Very intentional film, but could not deliver!
There are lots of similarities with other films, maybe not directly. In todays world, it became practice to give kids (and sometimes for women) their own version of what meant for only grownups. So there's no use whining about that. Because those who does might not be the target audience. This is I think purely for kids, otherwise it would have not got bold PG, but like usual for any film, I gave it a try. Even though it's not original, somewhat I enjoyed watching it.
The story was in usual pattern that opened with an intro, then moving to unleash the long trapped ancient creatures into the human society. One becomes friend with it and a few starting to hunt it with the rest are as the neutral or unaware of it. There's nothing unpredictable in it. And so the tale comes to halt with a finale where maximum push was given, but overall it fails to impress on the average expectation.

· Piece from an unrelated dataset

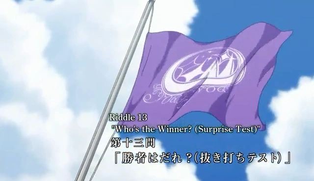 Who's the Winner? (Suprise Test) (勝者はだれ?(抜き打ちテスト); Shōsha wa dare? (Nukiuchi tesuto)) is the 13th episode of Akuma no Riddle which was unaired on TV thus only serves as an additional OVA episode which released together with the seventh Blu-ray/DVD volume on December 17th, 2014.

Good title, good idea, even the graphics were not bad, but not good enough stunts with okay performances. I feel it could have become a good television series than the film. So they should scrap the idea if they have one for a sequel and instead make a shift to television. Other than what I thought, this is a good entertainer for little kids. So it should be watched by them more than their counterparts.
5½/10
The Film won't win any awards, but it's definitely not a bad movie. It's silly, crazy, weird, and mostly made for younger kids, but once you realize this, it becomes very enjoyable to sit through. The characters are fun and bizarre, the "creature" and overall film is original, and the action is incredibly unrealistic, but boarderline exciting to watch. The plot is fairly thin and the whole time I was left to wonder where all the parents were, but overall, it was worth the ticket price and a great Film to keep the kids, and some adults, amused.
Yeah. This movie's bad. But... is it even worth me getting angry over it? It's just bland, cliche'd, and unoriginal. Not terrible, but definitely a dud.
Another movie with an environmentalist agenda. I just want to be entertained, not lectured. This is supposed to be a movie for families and kids, not a politicized leftist propaganda film.